Airline boondoggles result in more inefficiency

I don’t particularly enjoy flying. Years ago, it used to be something of a novelty when I started working for Farm Press and found myself posted to faraway and exotic places like Roanoke, Va, and Lexington, Ky.

I had been on airplanes only a few times before I started globetrotting for Farm Press. I flew to London my senior year in college for a two-week winter curriculum enhancement program/junket.

I flew several times to and from basic training (Greenville, S.C., to Fort Knox, Ky.), trips I’d just as soon forget, except for the return legs.

Lately, flying has lost its luster. Consider my latest venture into the wild blue yonder, a weekend getaway to Auburn, Ala., to watch my wife’s alma mater get embarrassed by the University of Kentucky. But the grandsons were there so it wasn’t all a bust.

The trip, however, was less than pleasant. The DFW-to-Birmingham leg wasn’t particularly bad, just a tight squeeze into those less than big enough seats. Coming back was a bit iffy for an hour or so.

We arrived at the airport well ahead of time, but on checking in (without checking bags and more on that later) found we did not have seats and would have to check with the gate attendant for seat assignments to Dallas.

The gate attendant was not in attendance when we arrived, so we had to amuse ourselves while she found her way to her post. She showed up about 45 minutes before the flight was scheduled to board and proceeded to inform the gathered travelers that the flight had been oversold and they would appreciate some volunteers to take a later flight for the tempting sum of a $150 voucher.
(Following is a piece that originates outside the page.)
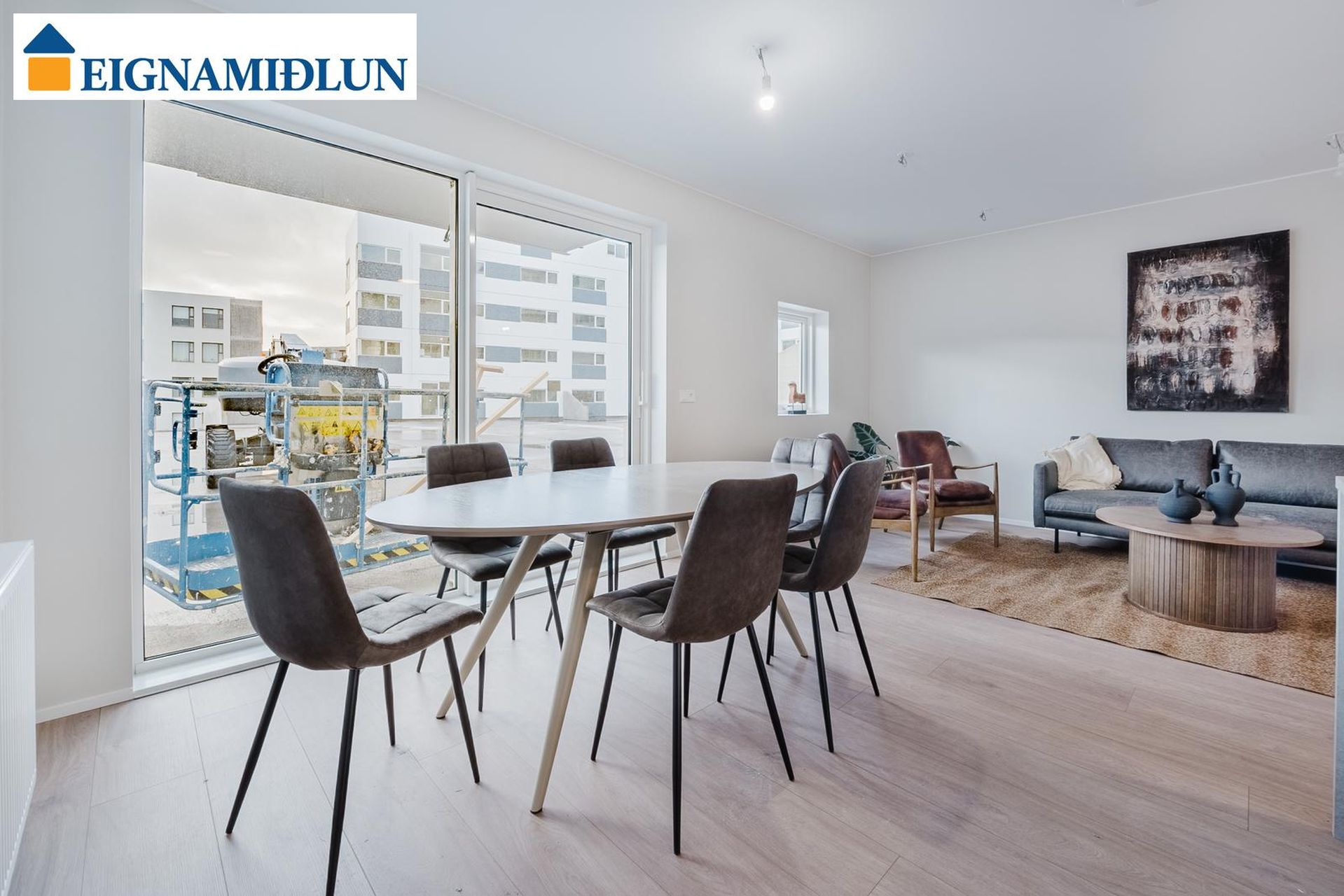 Íbúð merkt 208 - 4ra herbergja 126,3 fm íbúð á annari hæð með þrem svefnherbergjum, sér þvottahúsi og rúmgóðum svölum. Rúmgott svefnherbergi og tvö minni barnaherbergi, baðherbergi, opið eldhús inn í borðstofu og stofu með eyju í eldhúsi. Bílastæði í bílakjallara.

She needed 10 volunteers. That means they promised seats to 10 more people than they had room for, assuming, I suppose, that folks would be so impressed with Alabama that they would elect to stay a few more days or that a few would get lost on the way to the airport and have to book a later flight. Apparently, we all needed to get home and managed to find the airport.

No takers on that initial offer. They upped the ante to $200 — still no takers. $225? Nope. Pat and I never considered volunteering. She had to work the next day; I had a doctor’s appointment. But we understood that if volunteers did not step up, we’d be making other arrangements to get home. And did I mention that the next available flight, on which the airline would have been happy to book us, was not until late afternoon of the following day?
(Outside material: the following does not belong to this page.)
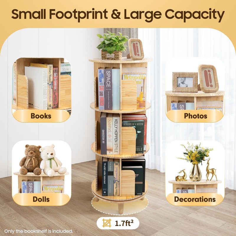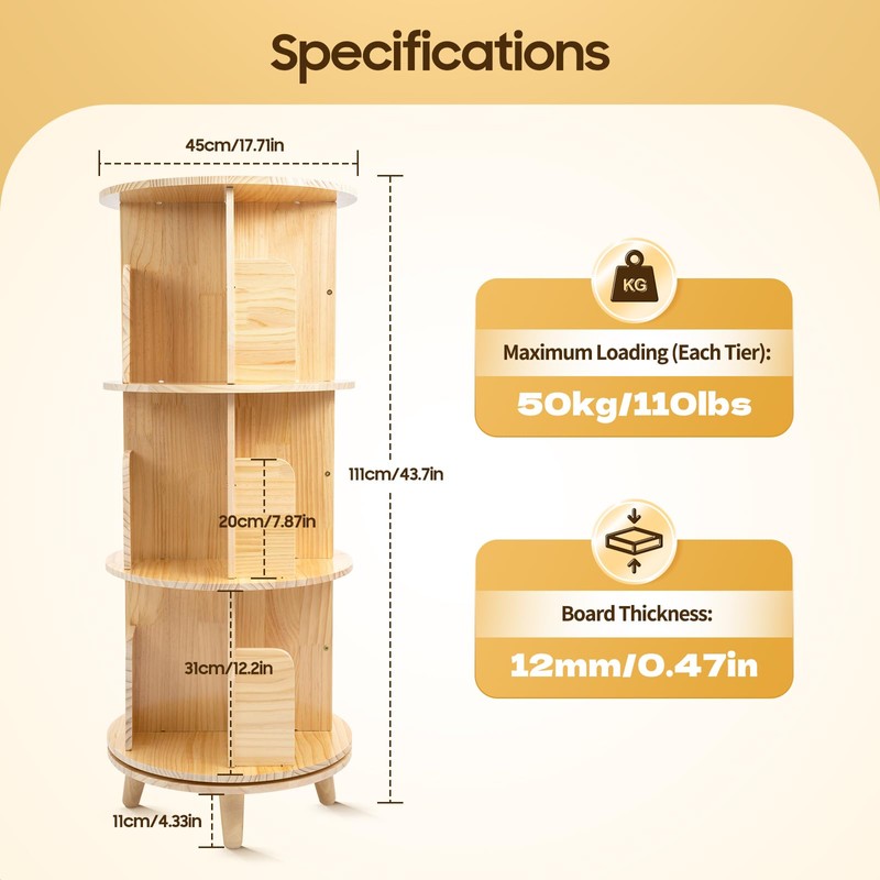 - [Quality Material] The rotating bookshelf is made of high-quality New Zealand pine wood, which is strong, durable, and hard-wearing to guarantee a long service life.

At $300 the gate attendant finally got enough takers to free up seats and we made it home. I can only assume that someone in the airline industry thinks it good business to book more flyers than they have seats for, but 10 over seems a bit extreme. They had to shell out $3,000 to convince 10 people to wait for a later flight. Unintended consequences of promising more than one can deliver: Eating $3,000 worth of vouchers.

And now that baggage thing. We checked no bags on either leg of the journey since to do so would have added $80 to the cost of the trip. So we, like most everyone else on the plane, lugged more bags than made reasonable sense through the airport, through security and through the narrow space between the seats to the back of the plane.

Unintended consequences: More carry-on baggage means more time to get everyone through security (likely more stress on the security personnel), longer to get everyone onto the plane, and longer to get everyone off. Delays are inevitable or more inevitable than usual.

Makes no sense to me. No wonder airlines are losing money and losing a lot of customer goodwill.